- **Information provided**:
┄┄┄┄┄┄
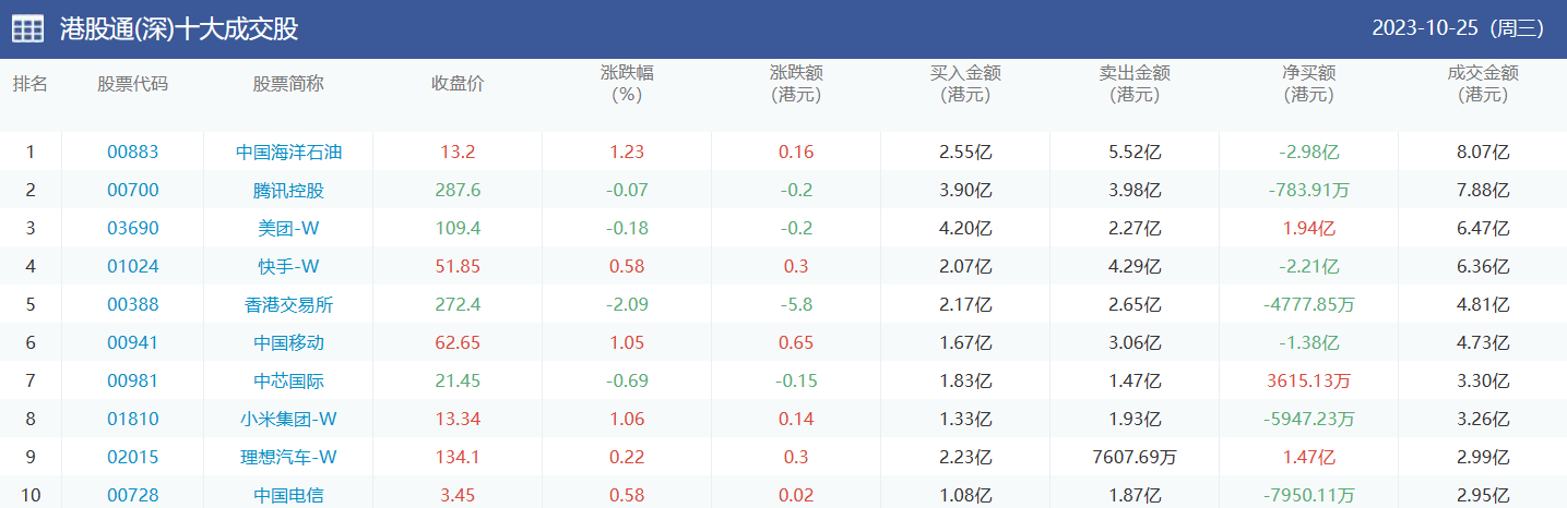 亚汇网实时数据统计:截至10月26日收盘,中国移动、腾讯控股、中国海洋石油位居港股通(沪)成交前三,中国海洋石油、腾讯控股、美团-w位居股通(深)成交前三。
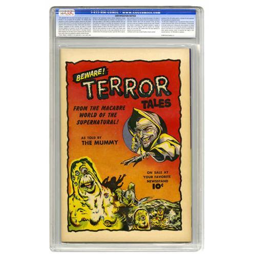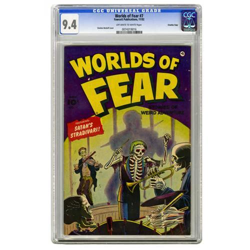 <B>Worlds of Fear #7 Crowley Copy pedigree (Fawcett, 1952) CGC NM 9.4 Off-white to white pages.</B></I> It's horror and violence... no, wait, horror and <I>violins</B></I>! Either way, we've got the highest-graded copy certified to date of this pre-Code horror book. Overstreet 2005 NM- 9.2 value = $375. CGC census 12/05: 1 in 9.4, none higher.
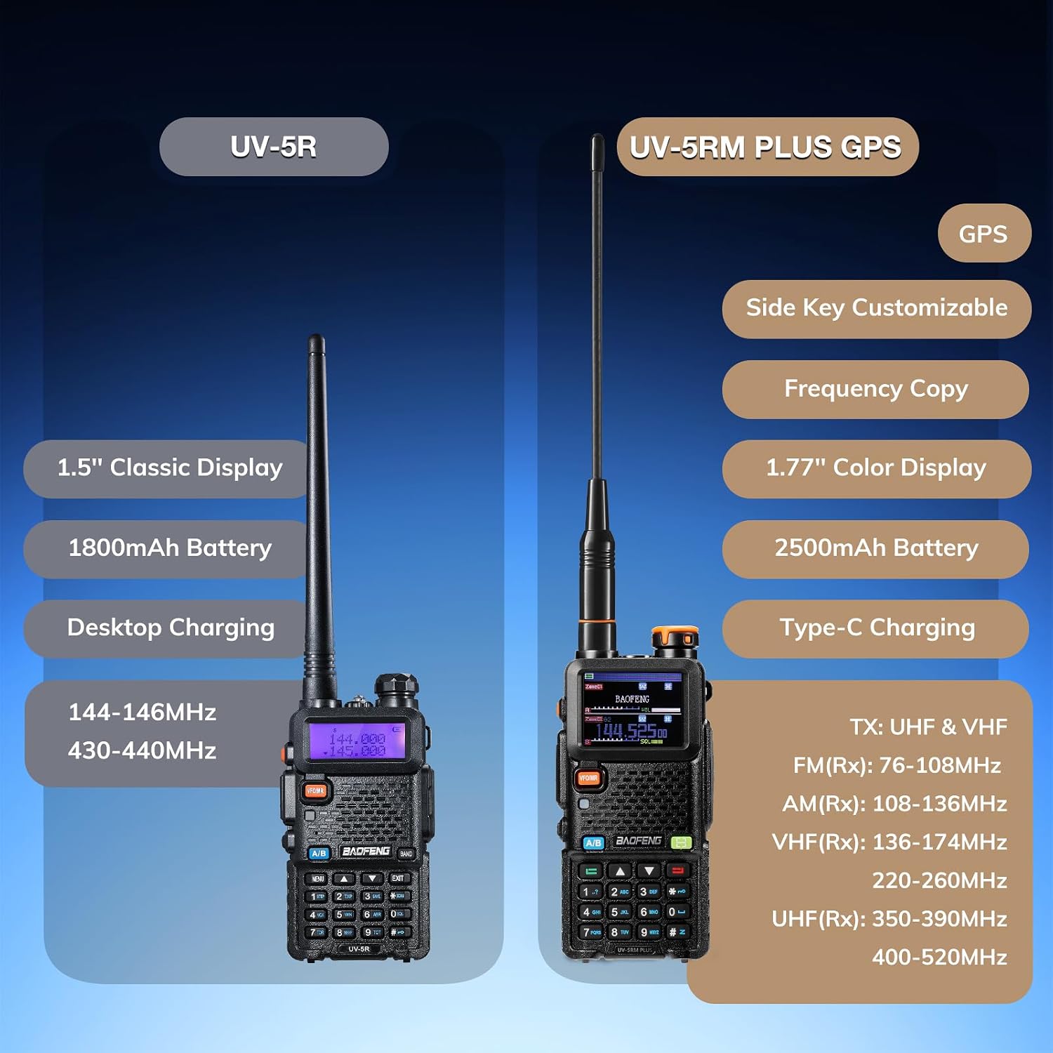New Version: UV-5RM PLUS GPS brings you ① expanded frequency coverage, including Airband, FM, and NOAA bands, ② GPS functionality, ③ one-key frequency copy, ④ a 2500mAh battery with USB-C charging, ⑤ 10W power output, and ⑥ a larger 1.77” color display for improved readability. FCC ID: 2AJGM-5RHPRO
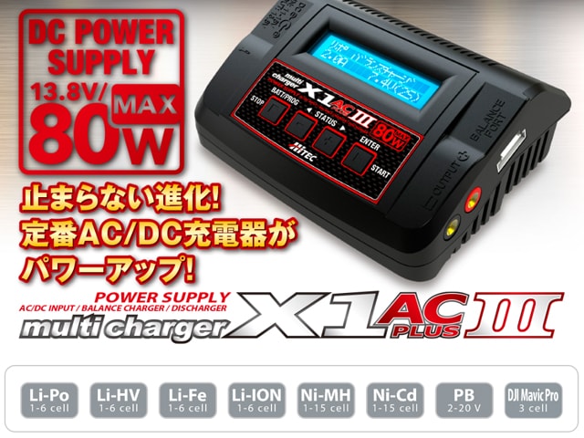 [Hitec] マルチチャージャー X1 ACPLUS3 multicharger 【Li-Po Li-Fe Li-Ion Li-HV Ni-MH 他】 (中古)の販売ページ|エアガン.jp
┄┄┄┄┄┄
Excluding the images, copy all of the material above verbatim.

- **Solution for this exercise**:
 亚汇网实时数据统计:截至10月26日收盘,中国移动、腾讯控股、中国海洋石油位居港股通(沪)成交前三,中国海洋石油、腾讯控股、美团-w位居股通(深)成交前三。
 <B>Worlds of Fear #7 Crowley Copy pedigree (Fawcett, 1952) CGC NM 9.4 Off-white to white pages.</B></I> It's horror and violence... no, wait, horror and <I>violins</B></I>! Either way, we've got the highest-graded copy certified to date of this pre-Code horror book. Overstreet 2005 NM- 9.2 value = $375. CGC census 12/05: 1 in 9.4, none higher.
New Version: UV-5RM PLUS GPS brings you ① expanded frequency coverage, including Airband, FM, and NOAA bands, ② GPS functionality, ③ one-key frequency copy, ④ a 2500mAh battery with USB-C charging, ⑤ 10W power output, and ⑥ a larger 1.77” color display for improved readability. FCC ID: 2AJGM-5RHPRO
 [Hitec] マルチチャージャー X1 ACPLUS3 multicharger 【Li-Po Li-Fe Li-Ion Li-HV Ni-MH 他】 (中古)の販売ページ|エアガン.jp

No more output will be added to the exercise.